© 2024 Arizent. All rights reserved.

NHHELCO Securitizing Seasoned Private Student Loans

The New Hampshire Higher Education Loan Corp. (NHHELCO) is readying $141.3 million of securities backed by a pool of older private student loans that have experienced high default rates, according to Moody’s Investors Service.

Proceeds will be used to refinance securities issued via two transactions in 2011.

NHHELCO will be the master servicer, Granite State Management & Resources is the subservicer, and Nelnet Servicing is the back-up servicer.

RBC Capital Markets is the initial purchaser.

EDvestinU Private Education Loan Issue No. 1 will issue three tranches of variable rate notes with preliminary ratings from Moody’s: $118.5 million of ‘Aa2’ rated class A notes with a final maturity of November 2035; $14.3 million of ‘A3’ rated class B notes due in April 2037; and $8.5 million of ‘Baa2’ rated class C notes due December 2038.

As of Oct. 31, approximately 81% of the loans in the loan pool are in repayment and these borrowers have made 69 payments on a weighted-average basis. NHHELCO originated most of these loans via its TREE (26% of collateral) and LEAF (62%) programs, which have weaker underwriting than its EDvestinU program (12%). For example, the TREE program did not have a minimum FICO score for borrowers. And neither the TREE nor the LEAF Programs had minimum income requirements.

The weighted average borrower interest rate is 4.17%, the weighted average outstanding balance is $13,282, and the weighted average recent FICO score is 739.

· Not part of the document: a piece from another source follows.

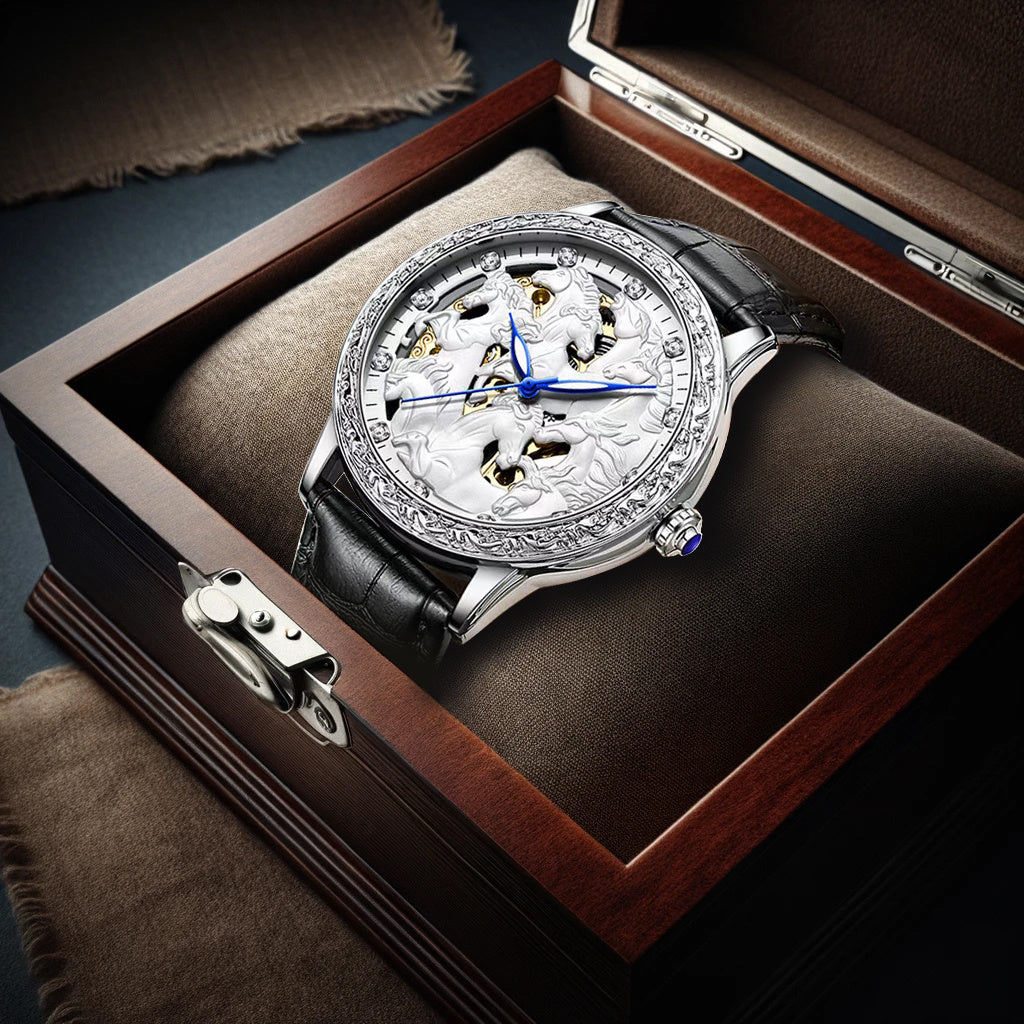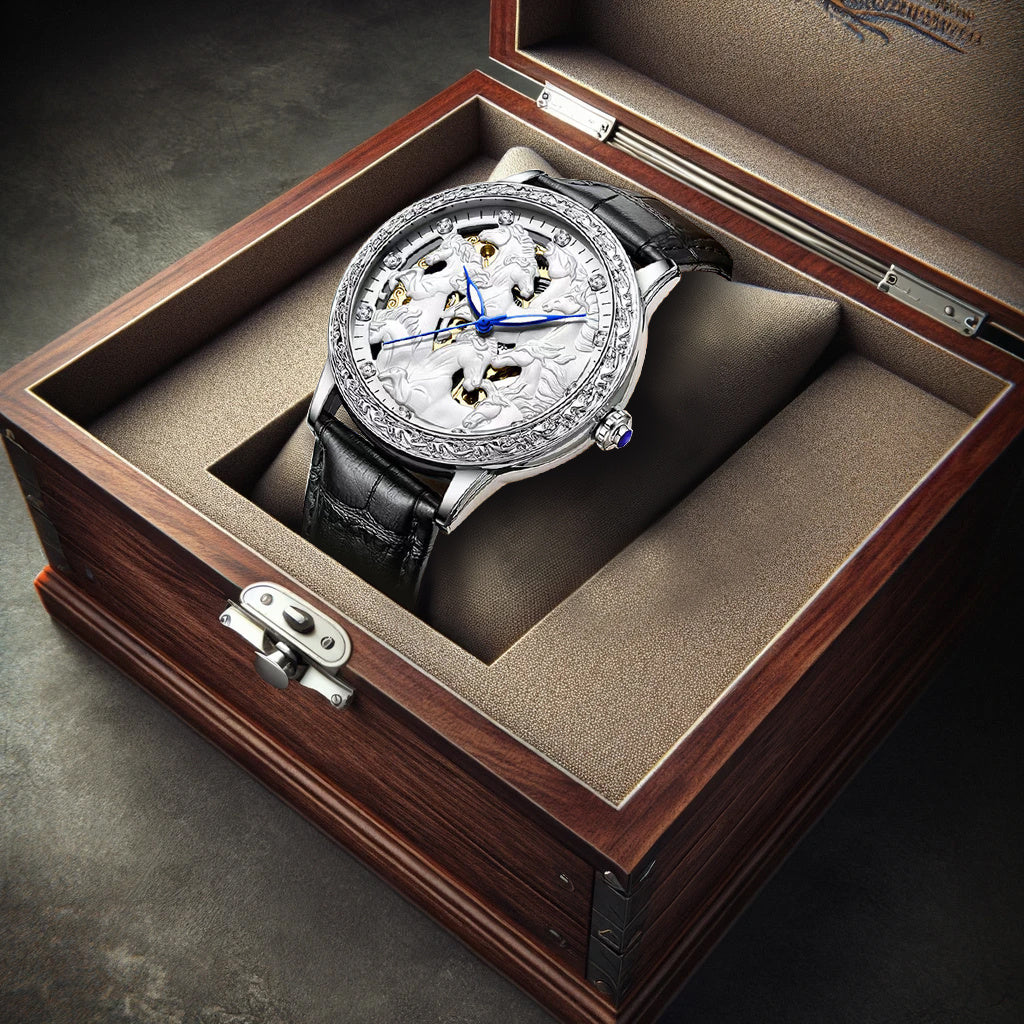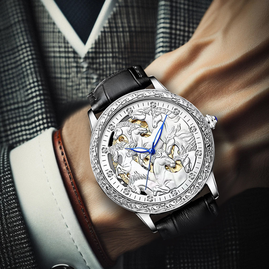 1pc Men's Silvery shell white face black belt Wanma Pentium design fashionable and versatile personality simple automatic mechanical watch, Stylish Wristwatch, Casual Attire Watch, Minimalist Design, Elegant Wristwatch, Automatic Movement, Highquality Tim

Loans originated under both programs have experienced between approximately 10% and 18% gross defaults within the first five years of repayment. According to Moody’s, the early defaults outweigh the impact of amortization.

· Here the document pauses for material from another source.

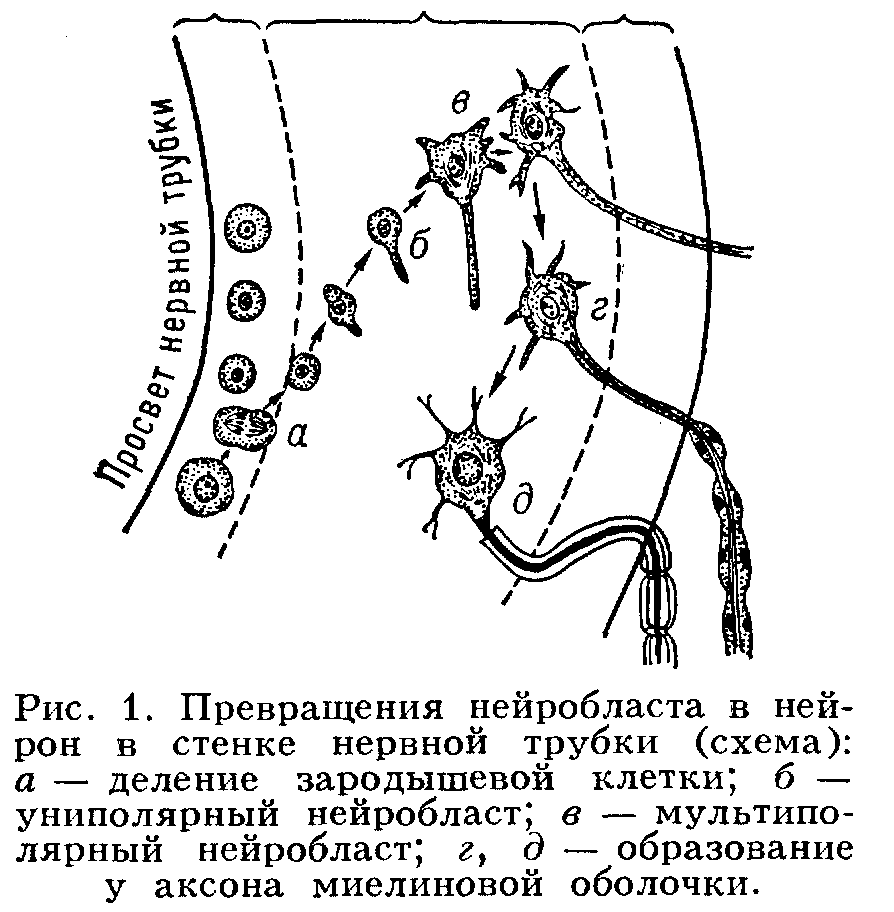Как спинной, так и головной мозг позвоночных покрыт рядом оболочек и заключён в костные покровы — череп и позвоночник. В процессе эволюции происходит дальнейшее усложнение структуры нервной системы и усовершенствование всех форм её взаимодействия с внешней средой; при этом всё большее значение приобретают прогрессирующие в своём развитии передние отделы головного мозга. У рыб передний мозг почти не дифференцирован, но у них хорошо развиты задний, а также средний мозг; наибольшего развития у рыб достигает мозжечок. У земноводных и пресмыкающихся задний мозг занимает относительно меньший объём, чем у рыб, мозжечок же уступает в развитии среднему мозгу, который делится на 2 части, образуя двухолмие. Усложняется структурно и функционально передний мозговой пузырь, он дифференцируется на промежуточный мозг и 2 полушария с развитой нервной тканью, образующей т. н. первичную кору мозга. Передний мозг, первоначально связанный лишь с обонянием, затем приобретает и более сложные функции. Несколько обособленное место в эволюционном ряду занимают птицы, у которых доминируют структуры т. н. мозгового ствола, т. е. средний мозг и только те части переднего мозга, которые расположены в глубине полушарий (базальные ганглии, промежуточный мозг); сильно развит у птиц и мозжечок; кора головного мозга дифференцирована слабо. Высшего развития нервная система достигает у млекопитающих. Головной конец нервной трубки в эмбриогенезе делится у них на 5 пузырей: передний — даёт начало большим полушариям и промежуточному мозгу, средний — среднему мозгу, задний — делится на собственно задний (варолиев мост и мозжечок) и продолговатый мозг. Кора больших полушарий головного мозга образует многочисленные борозды и извилины. Первичная полость нервной трубки превращается в желудочки мозга и спинномозговой канал. Нейронная организация мозга крайне усложняется. Развитие и дифференциация структур нервной системы у высокоорганизованных животных обусловили её разделение на соматическую и вегетативную нервную систему. Особенность строения вегетативной нервной системы та, что её волокна, отходящие от ЦНС, не доходят непосредственно до эф-фектора, а сначала вступают в периферич. ганглии, где оканчиваются на клетках, отдающих аксоны уже непосредственно на иннервируемый орган. В зависимости от того, где расположены ганглии вегетативной нервной системы и некоторых её функциональных особенностей вегетативную нервную систему делят на 2 части: парасимпатическую и симпатическую. Кроме нервных клеток, в структуру нервной системы входят глиальные клетки. Нейроны являются в известной мере самостоятельными, единицами — их протоплазма не переходит из одного нейрона в другой. Взаимодействие между нейронами осуществляется благодаря контактам между ними. В области контакта между окончанием одного нейрона и поверхностью другого в большинстве случаев сохраняется особое пространство — синап-тич. щель — шириной в несколько сот аксон. Основные функции нейронов: восприятие раздражении, их переработка, передача этой информации и формирование ответной реакции. В зависимости от типа и хода нервных отростков (волокон), а также их функций нейроны подразделяют на: а) рецепторные (афферентные), волокна которых проводят нервные импульсы от рецепторов в ЦНС; тела их на
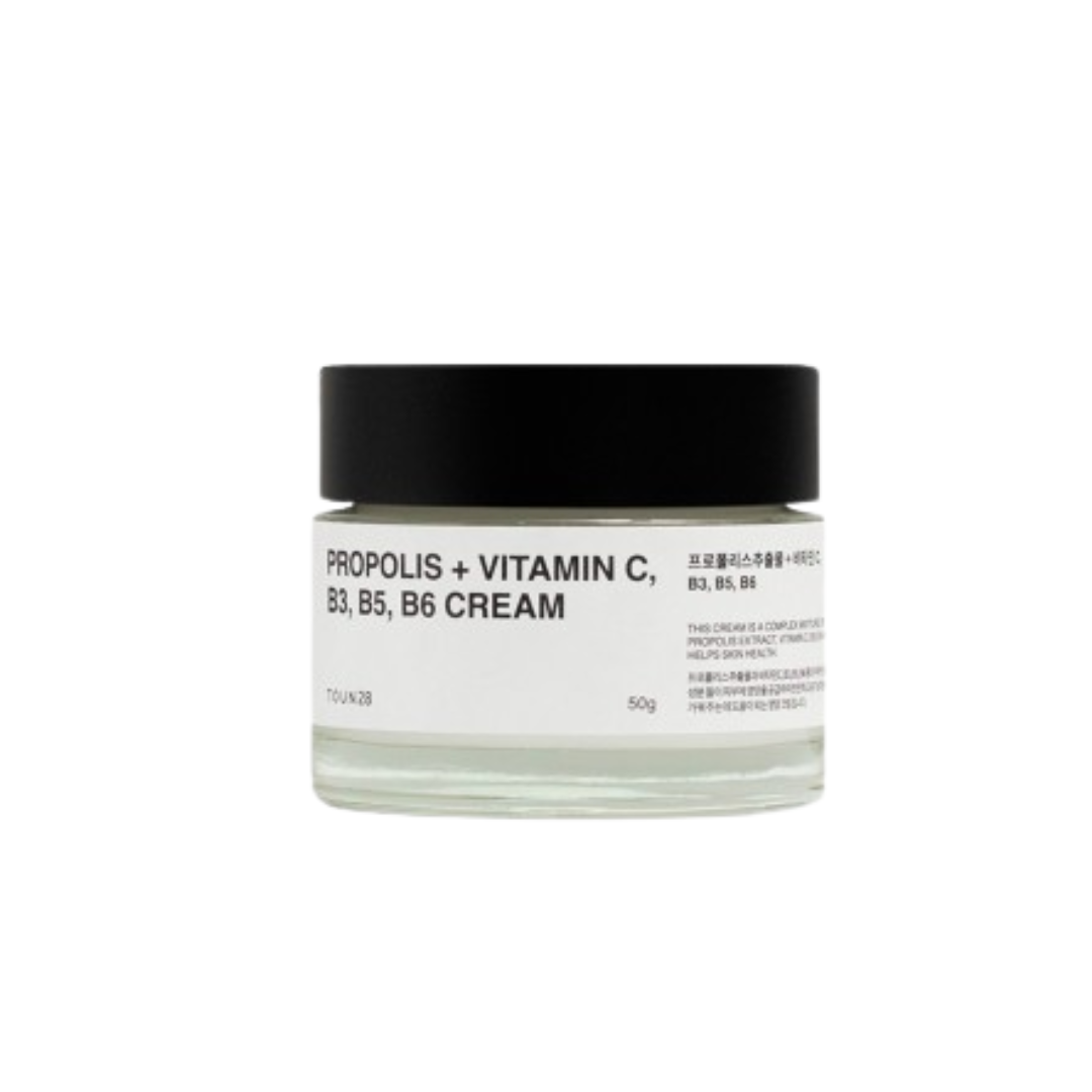 Propolis Vitamin C, B3, B5, B6 Cream de Toun28 est une crème visage multivitaminée qui associe la propolis et un complexe de vitamines essentielles pour revitaliser, hydrater et protéger la peau.

The EDvestinU program has stronger underwriting criteria, including a minimum FICO score of 750 for loans that are not co-signed, and a minimum adjusted gross income requirement. However it was only launched as a pilot program in 2013 and launched as a formal program in July 2015, so there is little performance history.

To help offset these risks, the new transaction offers several credit enhancements. The senior class A notes have initial credit enhancement of 29.7%, And the deal has a full-turbo structure, which allocates principal to the senior class outstanding until it is paid in full. Class B notes and Class C notes will not receive principal until Class A notes are paid in full. Class C notes will not receive principal until Class B notes are paid in full. Excess funds will only be released at the bottom of the waterfall after the principal balance of the notes is paid in full.